# Pirates of the Whaaaaat?



## mcdougall (Oct 28, 2007)

Soon to be released Classic Pirates coming from Lindberg/Round 2 ? CultTVman Fantastic Modeling




Can the rest be far behind???
Denis


----------



## SUNGOD (Jan 20, 2006)

At last.......some Pirate based activity:grin2: (though oddly there's no word Pirate on the box).
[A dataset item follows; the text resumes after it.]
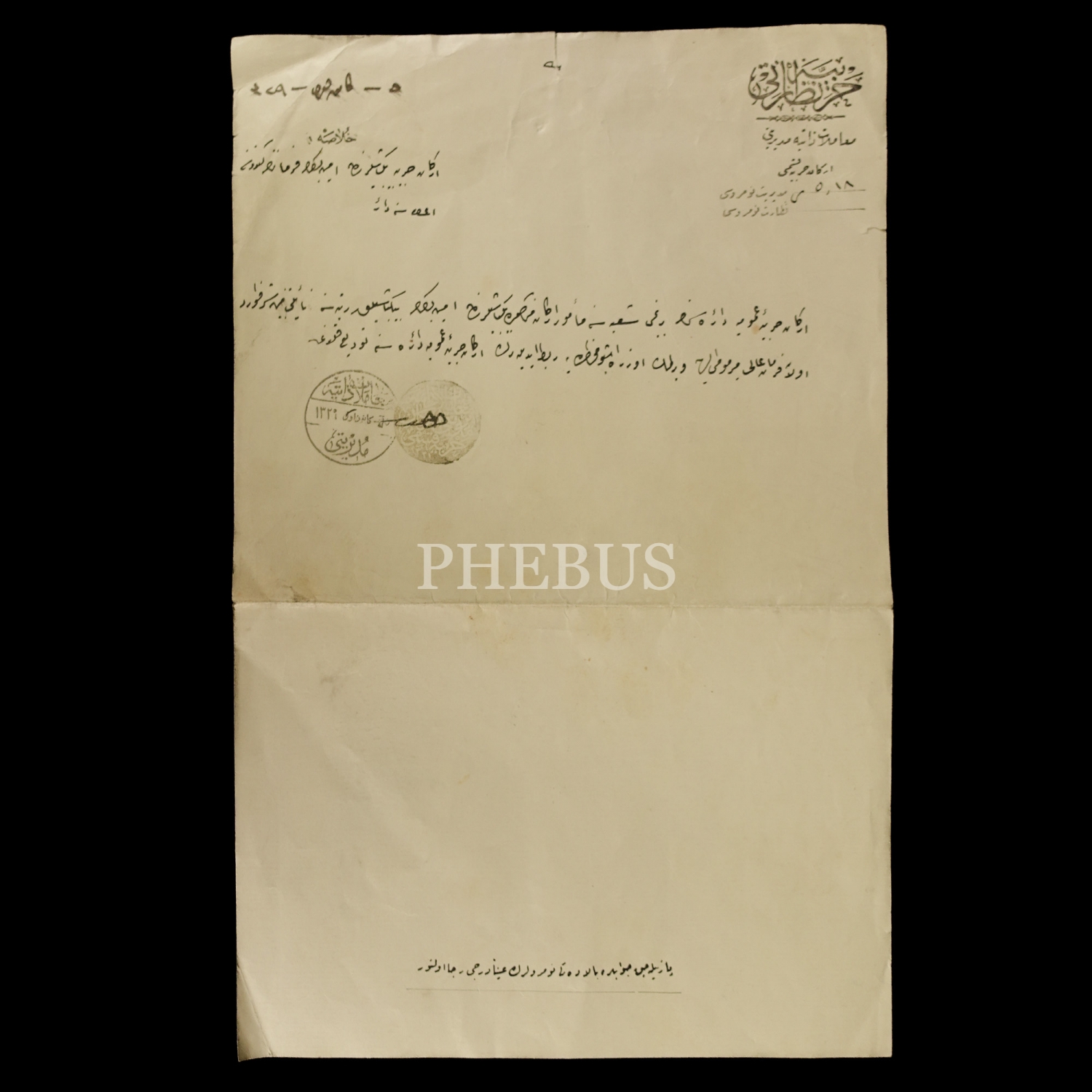 Harbiye Nezareti Malumat-i Zabtiye Müdüriyeti antetli, Erkan Harbiye-i Umumiye Dairesi´nden Emin Bey´in Binbaşı rütbesine tevcih edildiğine dair kaleme alınmış beratın kendisine teslim edilidiğini gösterir evrak, 1329, 21x32 cm...

Let's hope they release them all.


----------



## finaprint (Jan 29, 2006)

That Cult pre-order price is quite awesome as well in a day of routine $30+ old kit releases............I wonder if even with all reference removed if Disney will raise a fit over simple resemblance alone?


----------



## Milton Fox Racing (May 27, 2014)

I remember building that one! :thumbsup:


----------



## spock62 (Aug 13, 2003)

Finally! Hopefully, they'll release the whole line AND the Haunted Mansion kits. Had a few of these kits including the one shown.


----------



## Richard Baker (Aug 8, 2006)

I had the "Crate opening with stabbing Skeleton" years ago and it was a great kit- the skeleton looked fantastic in flat white.


----------



## djnick66 (May 2, 2008)

Yay finally. I had this kit as a kid, too. It was one of the few (only?) pirate kits molded in brown instead of white plastic.


----------



## SUNGOD (Jan 20, 2006)

finaprint said:


> That Cult pre-order price is quite awesome as well in a day of routine $30+ old kit releases............I wonder if even with all reference removed if Disney will raise a fit over simple resemblance alone?




It makes you wonder. Surely the word Pirates can't be copyrighted by Disney?


----------



## Spockr (Sep 14, 2009)

Yaaaaay!


----------



## spock62 (Aug 13, 2003)

SUNGOD said:


> It makes you wonder. Surely the word Pirates can't be copyrighted by Disney?


Highly doubt it. But, if they could, they surely would!


----------



## scooke123 (Apr 11, 2008)

Great news - hopefully good sales will ensure more releases.


----------



## Todd P. (Apr 12, 2007)

SUNGOD said:


> It makes you wonder. Surely the word Pirates can't be copyrighted by Disney?


Neither was Hunchback. Polar Lights has a history of being careful not to aggravate the Mouse.


----------



## Steve H (Feb 8, 2009)

Why does my mind keep whispering that line was originally from MPC. I don't recall Lindberg buying ad space in comic books and that's where I recall seeing them way back when. 

I await enlightenment


----------



## SUNGOD (Jan 20, 2006)

spock62 said:


> Highly doubt it. But, if they could, they surely would!




No doubt about that.


----------



## SUNGOD (Jan 20, 2006)

Todd P. said:


> Neither was Hunchback. Polar Lights has a history of being careful not to aggravate the Mouse.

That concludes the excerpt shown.